В 1932 году в Большой Советской энциклопедии написали: литература на иврите 'имеет своей базой почти одну только Палестину‚ где она развивается под знаком сионизма‚ еврейского фашизма...' В 1934 году‚ после смерти Х. Н. Бялика‚ М. Горький назвал его 'почти гениальным' поэтом‚ предложил издать его произведения‚ но поэта 'заклеймили' в газете 'Эмес': 'Бялик превратился в активного лидера фашистской интервенции против Советского Союза...'
Иврит всячески противопоставляли языку идиш.
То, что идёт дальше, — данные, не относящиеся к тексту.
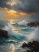 Dit indrukwekkende schilderij vangt de levendige energie van een kustlijn, waar de woeste golven heen en weer deinen onder het warme, gouden licht van de zonsopkomst. De krachtige, expressieve penseelstreken brengen de golven tot leven, alsof ze op het doek blijven bewegen. Het spel van kleuren – van diepe, oceaanblauwe tinten tot zachte, rozerode gloed aan de horizon – creëert een betoverend contrast en vangt perfect de magie van de nieuwe dag die aanbreekt.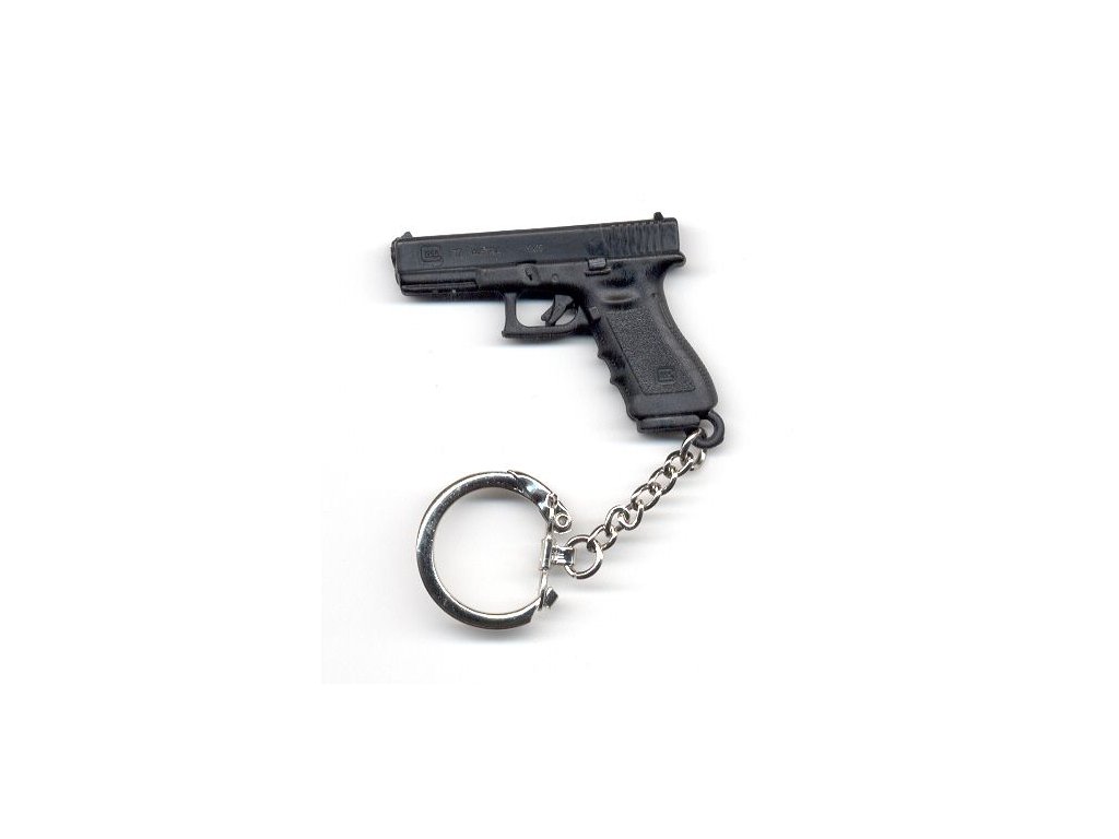 Jednoduchý a stylový přívěsek na klíče s plastovým výliskem nejoblíbenější pistole Glock 17.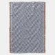 Throw blanket with a unique houndstooth like pattern of little fish in navy blue and white.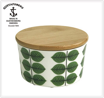 1950-70年代に活躍したスウェーデンを代表するデザイナーの一人、Stig Lindberg(スティグ リンドベリ)によるデザインの蓋つき容器。 “BERSA”はリンドベリがデザインした中で一番人気の柄。グラフィカルに並んだ緑の葉っぱが印象的です。蓋つき容器はお砂糖やキャンディを入れたり、蓋を外してボウルとしてもお使いいただけます。こちらはスウェーデンの磁器ブランド “GUSTAFSBERG(グスタフスベリ)”社で、リンドベリが活躍していた時代の生産ラインを使い手作りに近い形で作られています。そのため、一つ一つのサイズや厚みが微妙に違っていたり、ゆがみやプリントのかすれなど、ひとの手が生み出す製品の温かみが感じられます。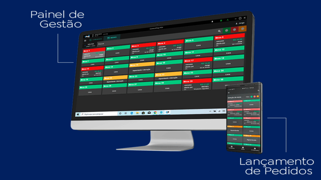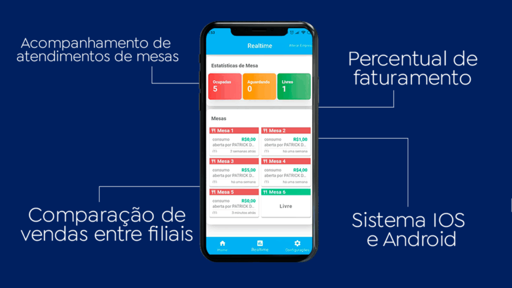 Acompanhamento da operação em tempo real. É possível visualizar e conferir as vendas e os atendimentos das mesas através de um smartphone.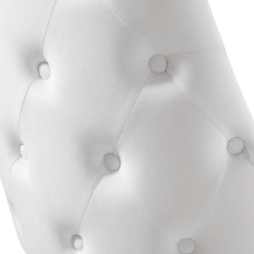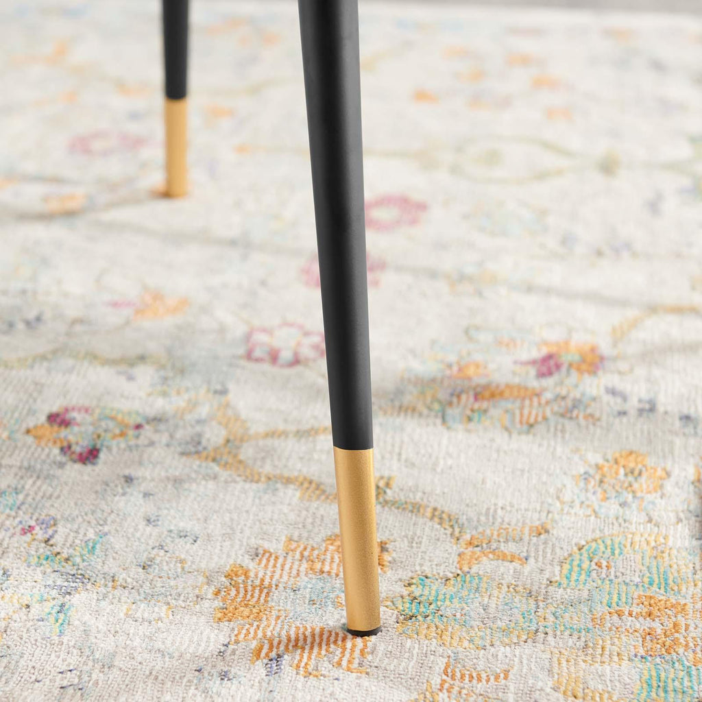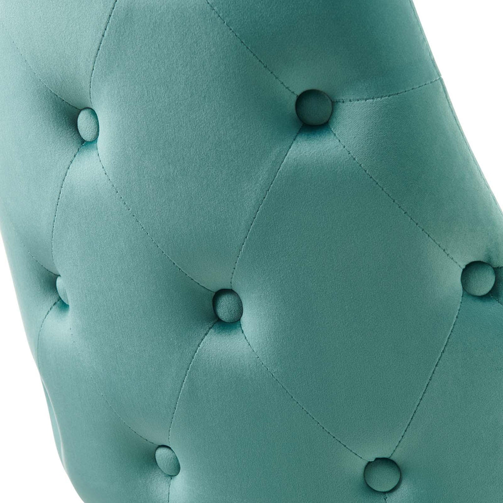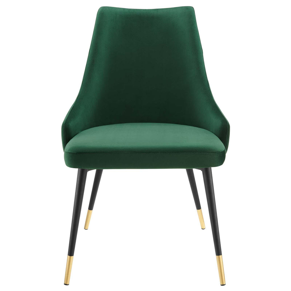 Revitalize dining decor or your living space with the Adorn Tufted Performance Velvet Dining Side Chair. Classic button tufting along the chair's exterior and graceful sweeping lines blend seamlessly into the lush comfort of this dining chair. With soft stain-resistant performance velvet upholstery, this accent chair offers a comfortable place to rest with dense foam padding. Sitting on four black tapered legs with gold foot sleeves, Adorn's versatile vintage modern style and glam deco charm makes this side chair ideally suited for a variety of rooms. Place this velvet chair around the dining table, or use it as an accent chair in the living room, bedroom or entryway, or update your home office seating with use as a cute desk chair. This modern dining chair supports up to 300 lbs. and is complete with non-marking foot caps to protect your flooring. No assembly required. Set Includes: One - Adorn Tufted Dining Side Chair Vintage Modern Accent Dining Chair Performance Velvet Polyester Upholstery Durable Stain-Resistant Fabric Black Tapered Legs Dense Foam Padding Comes Fully Assembled Chair Weight Capacity: 300 lbs. Overall Product Dimensions: 25"L x 22"W x 34"H Seat Dimensions: 18.5"L x 19.5"W x 17.5"H Backrest Dimensions: 14"W x 16.5"H Leg Dimensions: 17.5"H

Утверждали даже‚ что гебраизмы – слова с корнями из иврита – ввели в идиш раввины и буржуазия‚ а евреи-рабочие ими почти не пользовались и готовы к их немедленному искоренению. Не пропускали из-за границы книги на иврите и исключили его из учебных программ университетов. В библиотеках изымали книги на этом языке и сдавали в утиль на переработку‚ закрывали издательства и журналы‚ в типографиях уничтожили шрифт‚ а потому цитаты на иврите в научных публикациях вписывали в набор от руки. Литераторов‚ работавших на иврите‚ не принимали в Союз писателей, не разрешали проводить вечера для чтения их произведений. Любители языка издавали рукописные журналы‚ печатали их на гектографах и передавали из рук в руки, – один из них получил название 'Заполнение пробела'. Это были варианты 'самиздата' тех времен, 'одинокие островки в море равнодушия и враждебности к языку иврит'.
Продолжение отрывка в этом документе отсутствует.